Chaos champions must accept challenges, and fists strike last, so I'm wondering if I'm dooming them to a guaranteed death per challenge. Is this a bad thing? I realize units are bound to die in 40k, but I would love to balance the deaths of my units with as many enemy casualties as possible.

Thanks for any guidance you can offer, sorry if this is redundant. Still very unclear on the rules and without having played a game yet, have no clue about strategy.


----------



## AAAAAAAAARRRGGHH (Apr 17, 2009)

You seem to have the rules covered pretty well and your concern about fists in forced challenges is a very real one.
Since the new dex my CSM power fist champions are on a break. When they always are singled out, always strikes last and cost so many points they aren't really worth it in my opinion.
I prefer to keep them naked, but you can easily make arguments for the different choices of PW. 
To me swords or claws seem the best, but if the unit is joined by a lord they should be naked as in those instances the champs sole duty is to issue the challenge and allow the lord to slice the rest of the squad apart.


----------



## venomlust (Feb 9, 2010)

Is there a chance that the naked champ will win the challenge? Or rather, as you said, it's just to allow the lord to rape the rest of the enemy's squad. I gotta get over the fear of death of the champ unish:. After all, Khorne is super cool with him dying, instead.


----------



## AAAAAAAAARRRGGHH (Apr 17, 2009)

venomlust said:


> Is there a chance that the naked champ will win the challenge? Or rather, as you said, it's just to allow the lord to rape the rest of the enemy's squad. I gotta get over the fear of death of the champ unish:. After all, Khorne is super cool with him dying, instead.


Against most troops/anything like a marine or weaker a naked champ will usually win.
Against anything worse you shouldn't count on it, but then again the same is true if has a fist so there is little reason to give him one if you ask me.

Besides, if you keep him naked/with a pw he might actually win against a terminator champ everyone once in a while.

But if you have a lord around you shouldn't really care about the unit champ.

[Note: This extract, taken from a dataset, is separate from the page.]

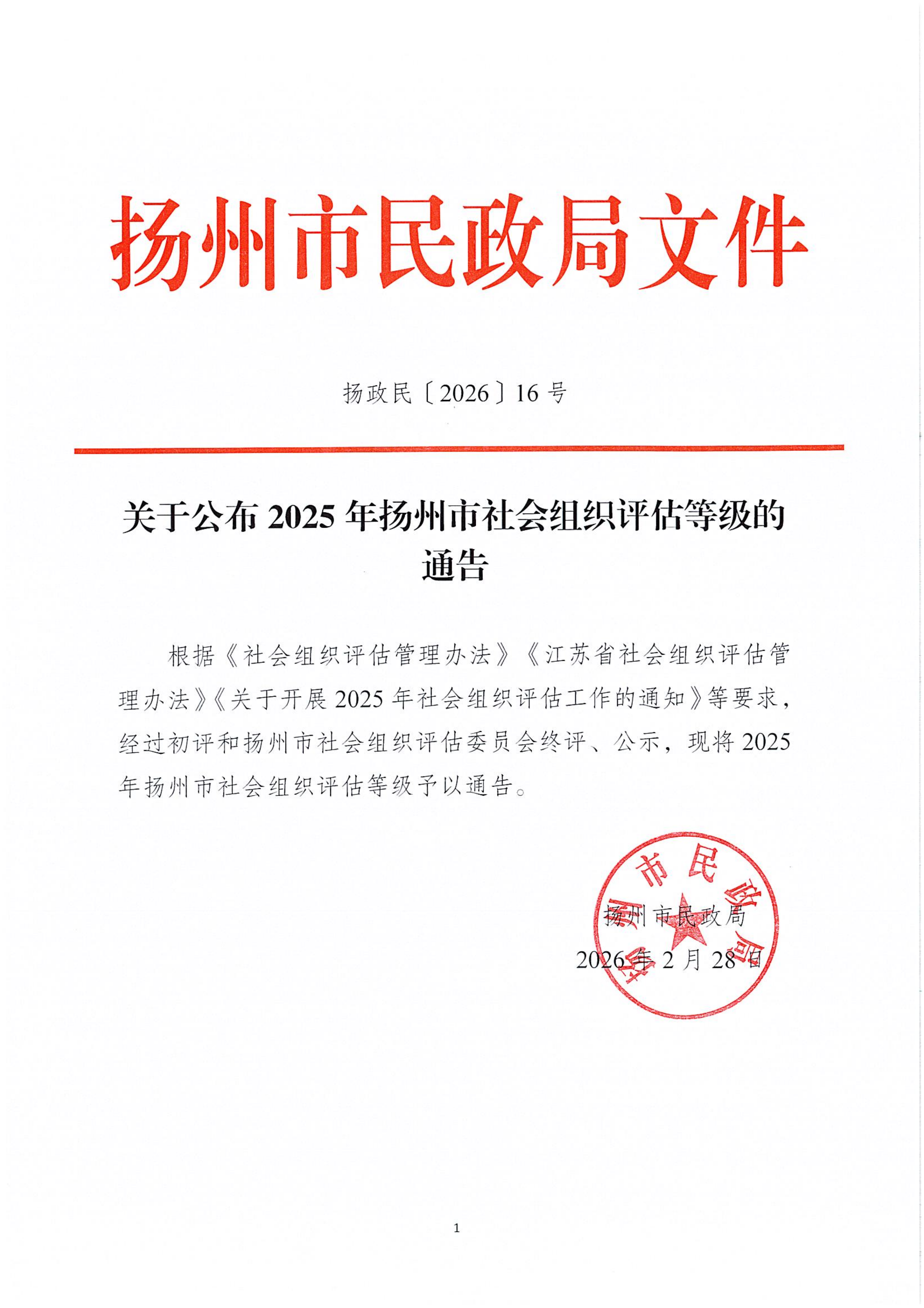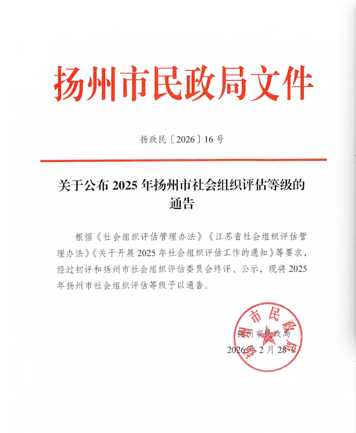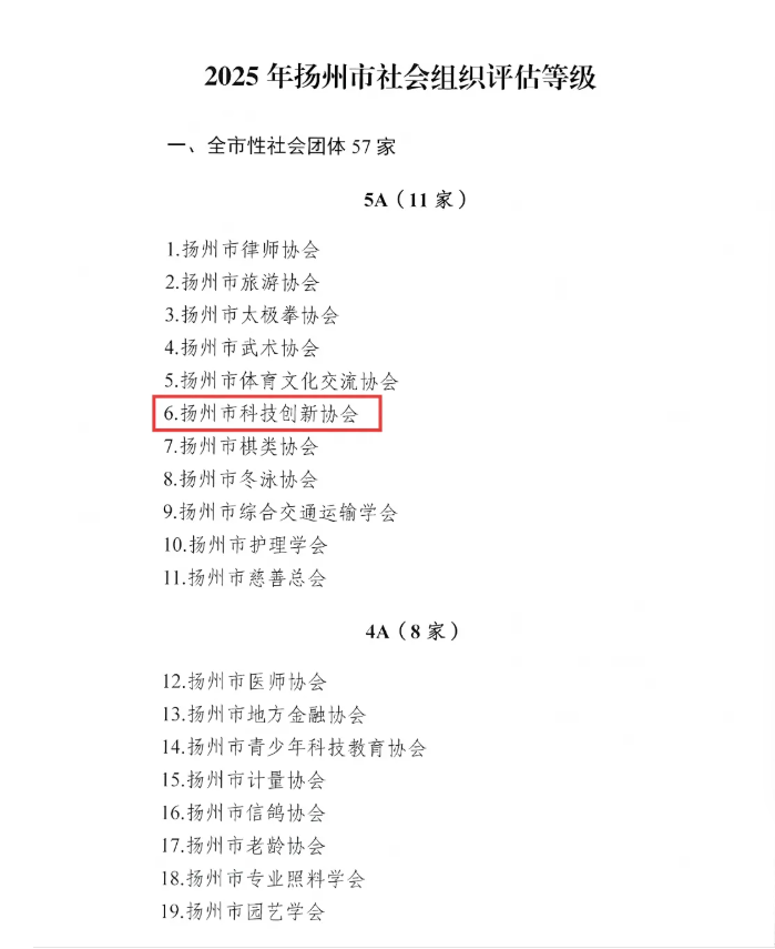 热烈祝贺扬州市科技创新协会在2025年扬州市社会组织评估中荣膺5A等级!这是对协会成立以来坚持党建引领、科创驱动、深耕服务、勇担使命的充分肯定,也是全体会员凝心聚力、锐意创新、共谋发展的智慧结晶。以此为新的起点,愿我们携手共进,在赋能产业升级、服务科技工作者的道路上再谱新篇,为扬州高质量发展贡献更多科创力量!

In a lot of instances it doesn't matter if he dies as long as you win the combat/deal enough damage.

The only times you are sadface to see him go is in the standard CSM squads because he has a higher LD, but your zerks shouldn't really give a crappe.


----------



## venomlust (Feb 9, 2010)

Awesome, thanks for the help. I think I get it now.:victory:

I gotta get my army painted and actually play the damn game.


----------



## iamtheeviltwin (Nov 12, 2012)

I like the Power Weapon option myself. My meta is pretty heavy with power armor though, so the AP3 at init gives him a shot at winning a challenge.


----------



## Mossy Toes (Jun 8, 2009)

I prefer a lightning claw--rerolls to wound just about balance out with the loss of an attack, and against monstrous creatures and other high-toughness opponents, the claw is more useful. Also, if I have the points, I try to add meltabombs for that precious AT.


----------



## falcoso (Apr 7, 2012)

For the Khorne champion I would definitely give him a power weapon as the whole point of khorne bezerkers is to assault infantry units, so the the power fist will be overkill and potentially and leave you exposed in a challenge. A power weapon will let you attack at normal initiative and will give you +1 attack (for pistol and CC weapon) compared to lightning claws and power fists which are specialist weapons so won't.

For generic champions it really depends on what you are going to use them for, most of them can be left naked, but if say you find yourself getting assaulted by a lot of MCs a power fist may be worth it for the strength boost, or if you are advancing up the field then a power weapon may be worth it as you are going to be getting close to the enemy.


----------



## venomlust (Feb 9, 2010)

Awesome, I'm really digging all these replies.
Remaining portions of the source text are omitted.